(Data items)
*** Block opens ***

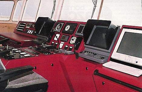 The wheelhouse lies on top of a five-tier deckhouse. The Nav Aids include an ARPA radar, an EPA radar, two Inmarsat C terminals, two GPS Navigators, a GMDSS radio telephone system, two radio telephones with DSC modems, an echosounder, a doppler speed log, a Navtex receiver, a weather chart receiver, two radar transponders, a gyrocompass, repeater compass, magnetic compass and autopilot.
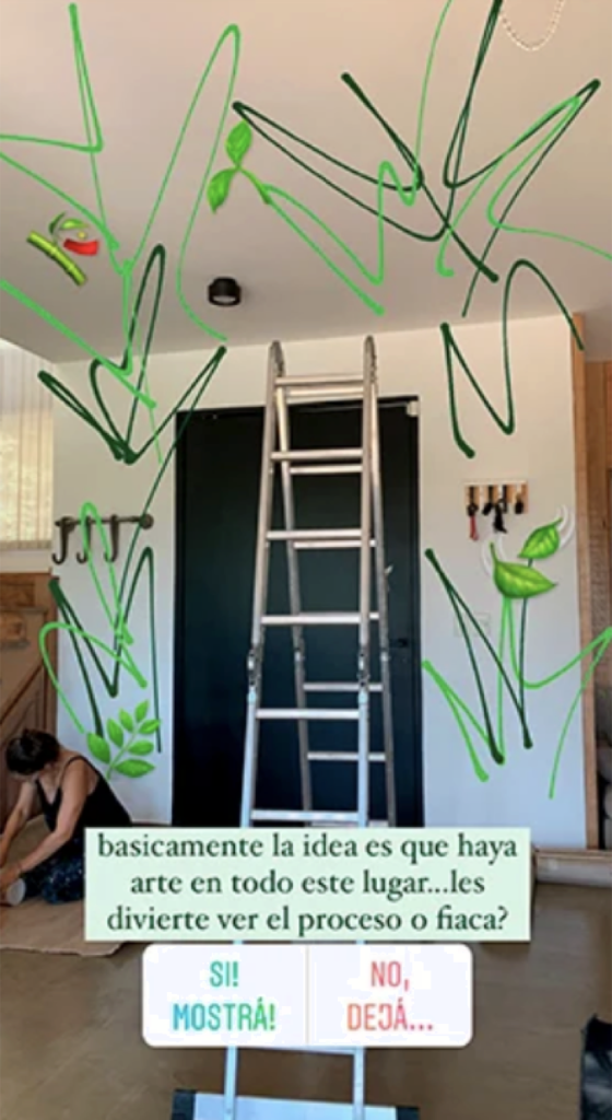 "Básicamente, la idea es que haya arte en todo este lugar" comenzó la actriz a contar en sus historias.
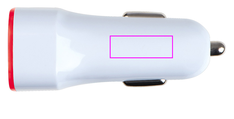 Стильный зарядный адаптер для автомобильной розетки 12 В с двумя слотами для быстрой или обычной зарядки, цветное кольцо светится во время зарядки. Мы печатаем ваш логотип над кольцом.
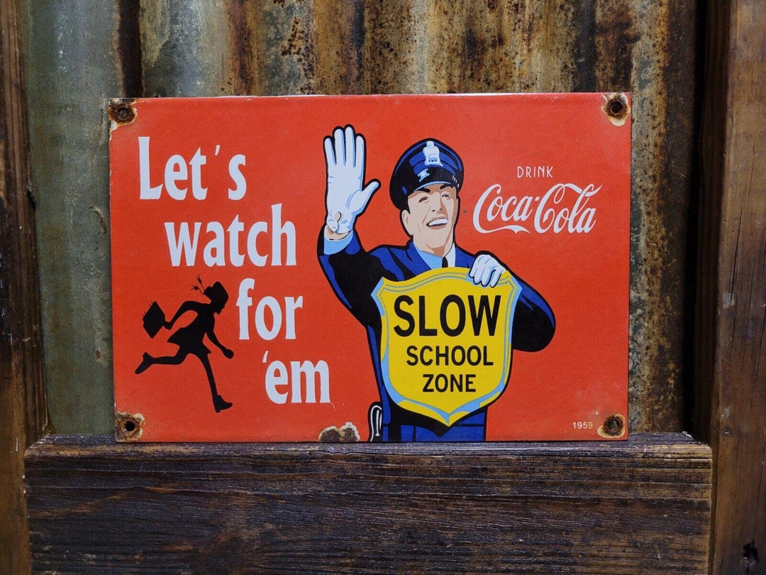 VINTAGE COCA COLA 1959 Porcelain Advertising Sign Gas Pump Plate Motor
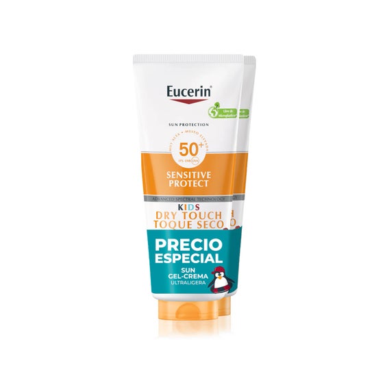 Eucerin Sun Sensitive Protect Kids Gel Creme SPF50+ 2x200ml é um protetor solar em spray pediátrico que contribui para acalmar e proteger a pele sensível dos raios UVA e UVB.
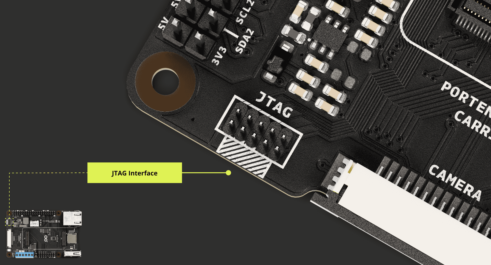 Debug interface: The carrier features an onboard 10x pin 1.27mm JTAG connector.
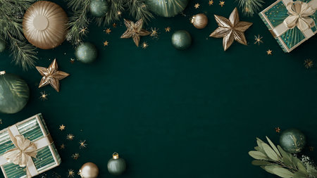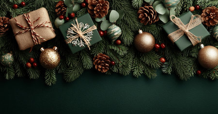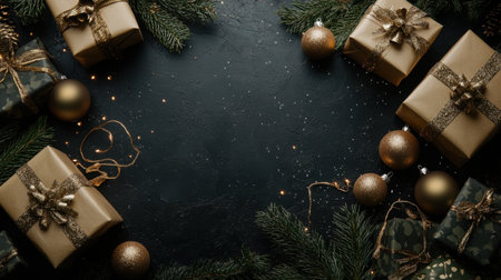 A top-down view of a beautiful Christmas flat lay with presents, fir branches, and shiny balls, providing ample space for a festive message or creative design.
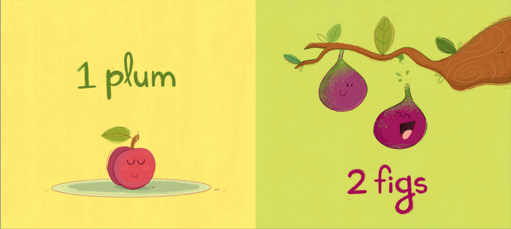CARRIE: I LOVED seeing the illustrations take shape! I remember in particular being asked if it was OK with me for the fruits to have faces and personalities. I hadn’t considered that before, but was definitely OK with it. Once I saw the initial sketches, I was so glad I had said yes because I fell in love with all the hilarious fruit expressions! It was really exciting to get to see the process from sketches to final art, and I really appreciated the opportunity to give my own input at various stages, which I hadn’t expected going in.
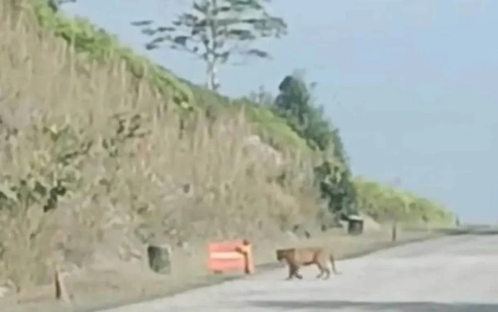 Video berdurasi lebih satu minit menunjukkan harimau kira-kira 200 kilogram itu keluar dari belukar di kanan jalan sebelum melintas ke kawasan semak berbukit. Kejadian berlaku pada waktu siang.
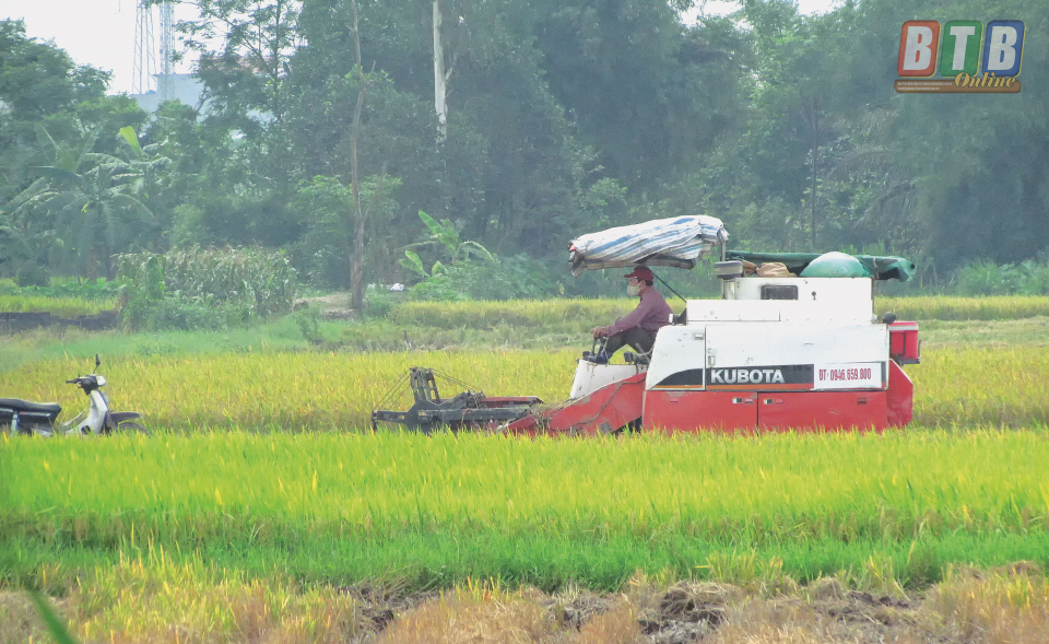 Nông dân huyện Hưng Hà thu hoạch lúa xuân.
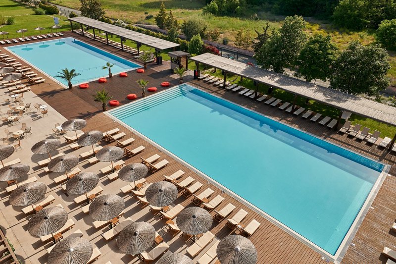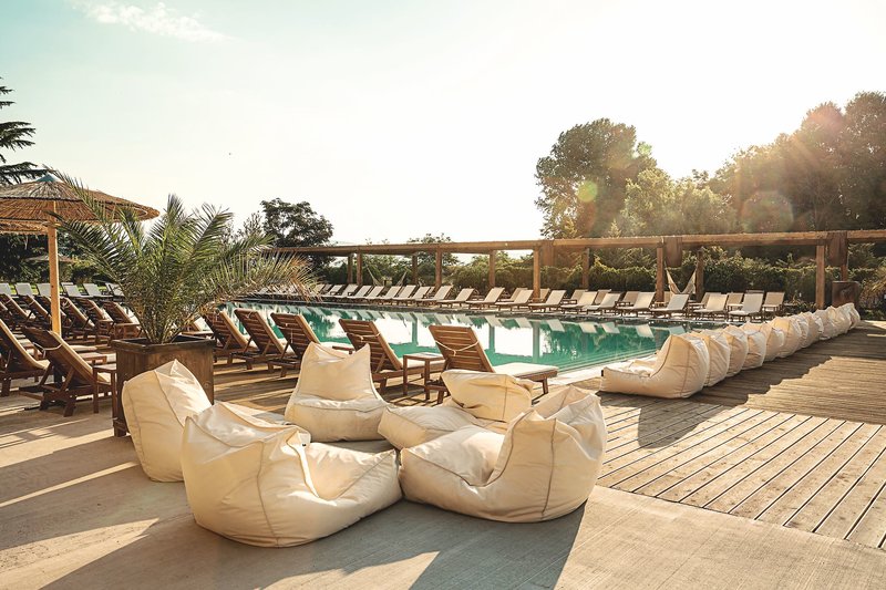 Felszereltség: Ez a kizárólag felnőtteket fogadó, nemzetközi vendégkörrel rendelkező szálloda 300 modern és egyedi, bohém stílusú szobával rendelkezik, öt emeleten. A tágas és világos előcsarnok recepcióval, társalgóval, liftekkel, lobbybárral és medencebárral a szálloda magas színvonalú szolgáltatásait tükrözi. A komplexum szívében két nagy, 25 méter hosszú édesvizű medence található, amelyeket napozóteraszok és számos nyugágy napernyővel (az ár tartalmazza). A medencebár körüli pihenősarok és kabinok csábítják a vendégeket a pihenésre. Itt nyugtató dallamokat élvezhet, laza zenére táncolhat, és pezsgő hangulatot tapasztalhat meg a DJ és az animációs csapat jóvoltából, akik egész nap és este pezsgő hangulatot teremtenek. A medencebárban friss gyümölcsleveket és koktélokat kínálnak (az all-inclusive vendégeknek benne van az árban, a reggelivel megszállóknak felár ellenében). Medencetörölközők kaució ellenében vehetők igénybe. A nyilvános strand egy részén napozóágyak és napernyők felár ellenében állnak rendelkezésre.

*** Block closes ***

Your task:
Exactly the lines from the top of the entries through the line with "en sus historias.", inclusive, must be given again, with every picture omitted.

Result of this task:
 The wheelhouse lies on top of a five-tier deckhouse. The Nav Aids include an ARPA radar, an EPA radar, two Inmarsat C terminals, two GPS Navigators, a GMDSS radio telephone system, two radio telephones with DSC modems, an echosounder, a doppler speed log, a Navtex receiver, a weather chart receiver, two radar transponders, a gyrocompass, repeater compass, magnetic compass and autopilot.
 "Básicamente, la idea es que haya arte en todo este lugar" comenzó la actriz a contar en sus historias.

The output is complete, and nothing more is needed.